**TASK STATEMENT:**
Starting at the line holding "Selon mon point" and finishing at the line holding "MARIANI Umberto (Milano", transcribe the material exactly, keeping both ends but no pictures.

**MATERIAL PROVIDED:**
::::::::::
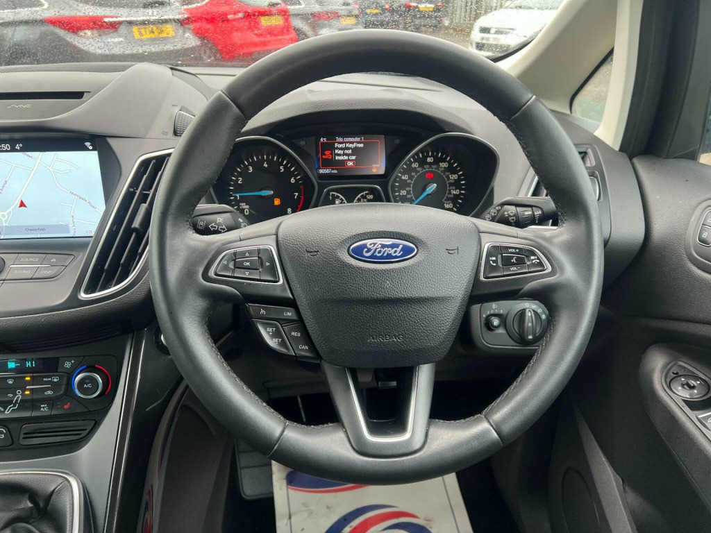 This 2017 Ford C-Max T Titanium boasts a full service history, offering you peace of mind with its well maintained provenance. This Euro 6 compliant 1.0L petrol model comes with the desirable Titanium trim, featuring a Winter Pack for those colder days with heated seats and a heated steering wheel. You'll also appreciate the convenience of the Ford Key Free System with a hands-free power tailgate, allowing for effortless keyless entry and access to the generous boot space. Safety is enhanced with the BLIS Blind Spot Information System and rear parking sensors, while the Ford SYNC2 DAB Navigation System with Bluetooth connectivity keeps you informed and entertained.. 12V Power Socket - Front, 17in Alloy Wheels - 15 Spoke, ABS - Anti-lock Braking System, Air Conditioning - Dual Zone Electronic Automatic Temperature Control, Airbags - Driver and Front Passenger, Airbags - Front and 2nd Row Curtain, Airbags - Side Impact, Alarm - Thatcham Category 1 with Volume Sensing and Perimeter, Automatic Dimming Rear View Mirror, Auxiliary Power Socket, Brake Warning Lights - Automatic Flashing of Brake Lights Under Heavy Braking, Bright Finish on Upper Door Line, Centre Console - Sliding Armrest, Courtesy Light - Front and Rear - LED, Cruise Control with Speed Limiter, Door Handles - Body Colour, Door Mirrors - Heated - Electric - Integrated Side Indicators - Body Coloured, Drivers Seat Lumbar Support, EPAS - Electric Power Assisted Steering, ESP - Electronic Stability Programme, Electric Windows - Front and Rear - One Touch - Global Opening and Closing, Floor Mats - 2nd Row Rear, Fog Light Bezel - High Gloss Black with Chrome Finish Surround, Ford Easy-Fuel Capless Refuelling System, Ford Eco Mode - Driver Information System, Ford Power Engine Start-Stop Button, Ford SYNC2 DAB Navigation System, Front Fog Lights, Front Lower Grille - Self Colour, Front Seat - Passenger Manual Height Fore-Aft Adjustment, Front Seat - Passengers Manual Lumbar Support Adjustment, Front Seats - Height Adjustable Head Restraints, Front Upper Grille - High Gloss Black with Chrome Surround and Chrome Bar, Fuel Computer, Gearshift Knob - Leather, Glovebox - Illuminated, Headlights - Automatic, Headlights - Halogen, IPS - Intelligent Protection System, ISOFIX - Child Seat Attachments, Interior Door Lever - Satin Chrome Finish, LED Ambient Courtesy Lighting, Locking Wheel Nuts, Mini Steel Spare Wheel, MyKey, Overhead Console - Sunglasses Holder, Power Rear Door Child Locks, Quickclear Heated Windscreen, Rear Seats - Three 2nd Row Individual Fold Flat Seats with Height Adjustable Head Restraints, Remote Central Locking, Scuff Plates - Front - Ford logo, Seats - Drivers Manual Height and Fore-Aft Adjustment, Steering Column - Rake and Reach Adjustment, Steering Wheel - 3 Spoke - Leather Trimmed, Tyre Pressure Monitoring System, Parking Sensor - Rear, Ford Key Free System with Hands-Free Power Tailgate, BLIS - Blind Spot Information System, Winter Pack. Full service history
::::::::::
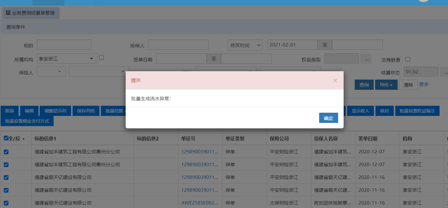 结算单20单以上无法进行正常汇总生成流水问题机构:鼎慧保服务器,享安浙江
::::::::::
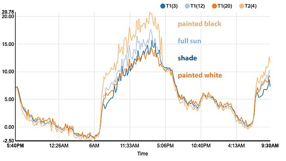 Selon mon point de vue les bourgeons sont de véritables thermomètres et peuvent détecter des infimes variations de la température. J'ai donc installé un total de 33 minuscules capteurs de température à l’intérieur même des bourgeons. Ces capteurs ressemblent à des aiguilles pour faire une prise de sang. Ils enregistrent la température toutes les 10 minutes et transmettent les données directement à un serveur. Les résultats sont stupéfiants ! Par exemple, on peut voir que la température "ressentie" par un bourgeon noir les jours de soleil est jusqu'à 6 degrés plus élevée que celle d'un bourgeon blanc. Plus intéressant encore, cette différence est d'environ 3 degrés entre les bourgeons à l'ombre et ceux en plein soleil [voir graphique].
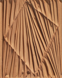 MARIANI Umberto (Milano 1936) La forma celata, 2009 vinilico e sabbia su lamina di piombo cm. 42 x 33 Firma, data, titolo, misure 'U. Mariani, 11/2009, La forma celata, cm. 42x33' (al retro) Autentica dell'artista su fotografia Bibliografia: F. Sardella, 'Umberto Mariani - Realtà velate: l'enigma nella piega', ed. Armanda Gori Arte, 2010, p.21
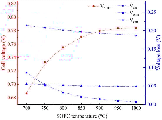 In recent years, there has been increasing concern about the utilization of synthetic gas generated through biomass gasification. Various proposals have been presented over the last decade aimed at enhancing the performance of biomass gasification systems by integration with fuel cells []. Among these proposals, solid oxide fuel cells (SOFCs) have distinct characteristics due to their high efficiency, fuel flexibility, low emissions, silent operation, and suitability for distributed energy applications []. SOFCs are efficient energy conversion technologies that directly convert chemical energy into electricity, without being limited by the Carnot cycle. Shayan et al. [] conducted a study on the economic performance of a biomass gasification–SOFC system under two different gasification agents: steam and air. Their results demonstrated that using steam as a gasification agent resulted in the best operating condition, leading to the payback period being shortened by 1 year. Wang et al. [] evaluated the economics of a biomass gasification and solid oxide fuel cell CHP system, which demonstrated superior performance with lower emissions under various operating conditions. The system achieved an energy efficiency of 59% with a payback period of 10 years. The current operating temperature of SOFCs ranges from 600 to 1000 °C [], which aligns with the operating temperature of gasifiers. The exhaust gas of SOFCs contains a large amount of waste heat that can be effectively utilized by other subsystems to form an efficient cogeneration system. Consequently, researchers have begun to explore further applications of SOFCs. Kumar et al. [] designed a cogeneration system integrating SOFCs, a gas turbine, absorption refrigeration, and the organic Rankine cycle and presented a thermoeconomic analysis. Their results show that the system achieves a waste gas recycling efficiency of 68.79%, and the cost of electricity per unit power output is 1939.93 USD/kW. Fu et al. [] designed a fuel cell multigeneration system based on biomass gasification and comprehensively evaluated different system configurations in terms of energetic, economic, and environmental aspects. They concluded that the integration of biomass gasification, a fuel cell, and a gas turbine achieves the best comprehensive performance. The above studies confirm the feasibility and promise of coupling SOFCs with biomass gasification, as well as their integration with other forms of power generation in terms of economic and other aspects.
::::::::::
**ANSWER BOX:**
 Selon mon point de vue les bourgeons sont de véritables thermomètres et peuvent détecter des infimes variations de la température. J'ai donc installé un total de 33 minuscules capteurs de température à l’intérieur même des bourgeons. Ces capteurs ressemblent à des aiguilles pour faire une prise de sang. Ils enregistrent la température toutes les 10 minutes et transmettent les données directement à un serveur. Les résultats sont stupéfiants ! Par exemple, on peut voir que la température "ressentie" par un bourgeon noir les jours de soleil est jusqu'à 6 degrés plus élevée que celle d'un bourgeon blanc. Plus intéressant encore, cette différence est d'environ 3 degrés entre les bourgeons à l'ombre et ceux en plein soleil [voir graphique].
 MARIANI Umberto (Milano 1936) La forma celata, 2009 vinilico e sabbia su lamina di piombo cm. 42 x 33 Firma, data, titolo, misure 'U. Mariani, 11/2009, La forma celata, cm. 42x33' (al retro) Autentica dell'artista su fotografia Bibliografia: F. Sardella, 'Umberto Mariani - Realtà velate: l'enigma nella piega', ed. Armanda Gori Arte, 2010, p.21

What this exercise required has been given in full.